Kalki
- Frequency: Weekly
- Founded: 1941; 85 years ago
- Company: Bharathan Publications
- Country: India
- Language: Tamil
- Website: kalkionline.com

= Kalki (magazine) =

Tamil magazine published from Chennai, Tamil Nadu, India

Kalki was a Tamil-language weekly magazine published from Chennai, India. The magazine was established by Kalki Krishnamurthy, a popular Tamil novelist and Indian freedom fighter, in 1941. T Sadasivam was the magazine's co-founder. The magazine is known for its publication of historic novels such as Ponniyin Selvan and Sivagamiyin Sapatham. Singer Semmangudi Srinivasa Iyer and music critic S. V. Seshadri were also involved with the magazine in its coverage of music.

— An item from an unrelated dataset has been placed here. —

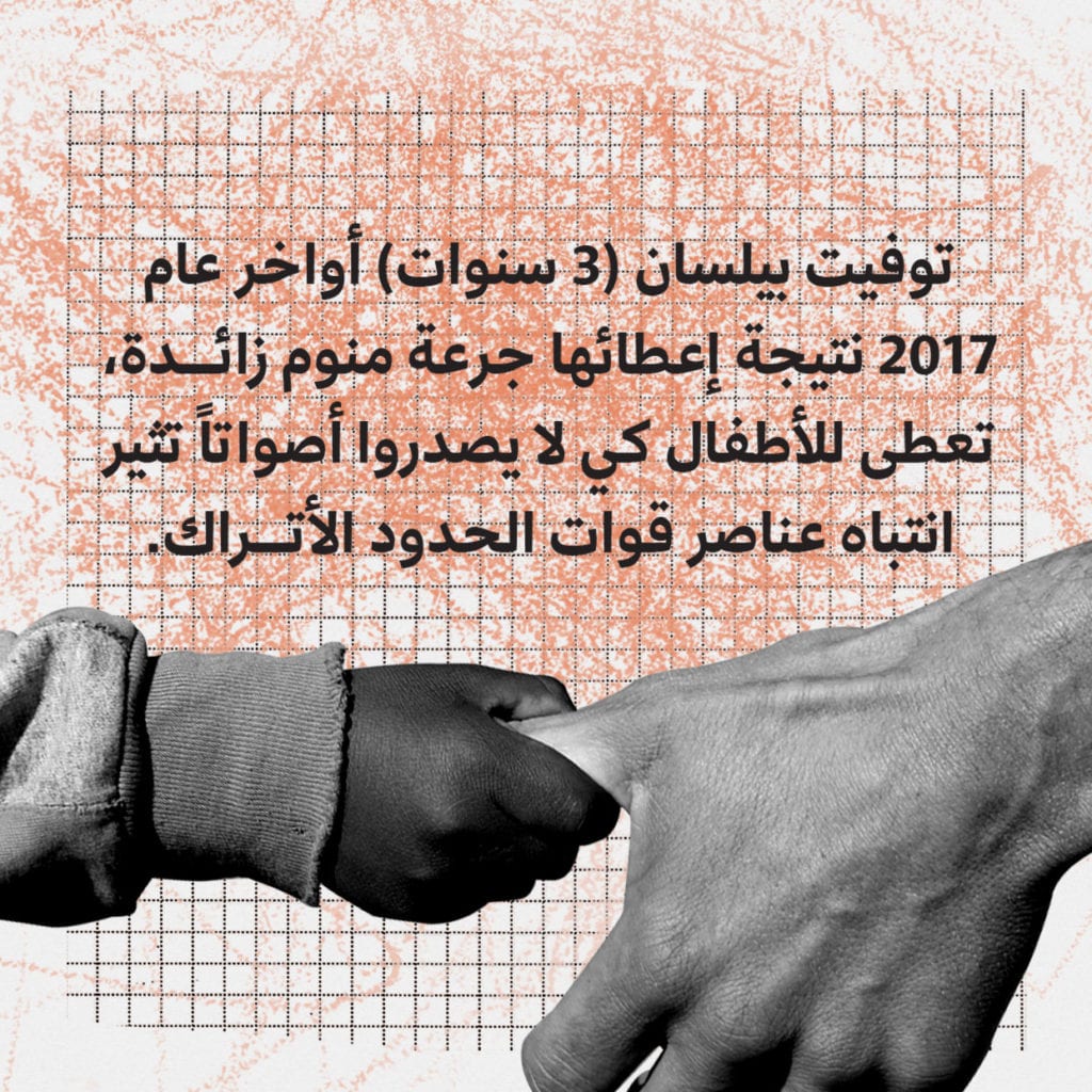أحمد، نازح من حمص إلى ريف إدلب، توفيت ابنة شقيقته بيلسان (3 سنوات) أواخر عام 2017 نتيجة إعطائها جرعة منوم زائدة، تعطى للأطفال الصغار من أجل تهدئتهم أثناء محاولات العبور، كي لا يصدروا أصواتاً تثير انتباه عناصر قوات الحدود الأتراك.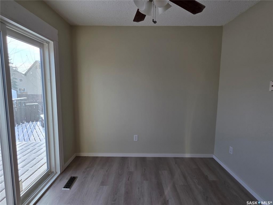 NEW LOOK! NEW LIFE! Welcome to the fresh & polished version of your next home. Reimagined with updates buyers will love, this 2 bedroom, 1 bathroom bi-level has undergone the perfect glow-up. Enjoy brand-new flooring & baseboards throughout the main level, a new front storm door, & fresh paint touchups that make the home feel bright, crisp, & move-in ready. Step into a welcoming front-facing living room filled with natural light; warm, open, & ready for cozy days or lively evenings. The eat-in kitchen flows seamlessly off the living space & comes equipped with fridge, stove, & built-in dishwasher, making meal prep and daily life convenient & comfortable. Just off the dining area, patio doors lead you to a freshly painted two-tier deck & gate, extending your living space outdoors. Picture BBQ nights, morning coffees, & watching kids or pets play; plus cherry & plum trees right in your backyard for sweet summer picking. Two bedrooms & a full bathroom complete the main floor. The basement is framed & waiting for your vision; future rec room, den/office, bathroom, laundry, &/or storage - giving you opportunity to add value over time. Practical, big-ticket updates add peace of mind & long-term value, including newer shingles, updated main floor windows, & central A/C for summer comfort. Located in family-friendly Rochdale Park, you're steps from NW Leisure Centre, Doug Wickenheiser Arena, parks, shopping, & convenient north-end amenities. A front gravel driveway offers plenty of off-street parking.

Kalki Krishnamurthy also edited the magazine, which was published on a weekly basis. During his term the magazine was much more respected due to its quality. The magazine ceased publication in 1977 due to a worker's strike but restarted in June 1978. Mullum Malarum (authored by Umachandran), which won this magazine's first prize in the silver jubilee novel competition, was first published in this magazine as a serial, and later made into a successful film.

== Website ==
Kalki Online, a news website by the Kalki Group, was established in September 2021 after the print editions were discontinued due to the COVID-19 pandemic. The website hosts all the previous print issues as e-journals, and also has a YouTube channel.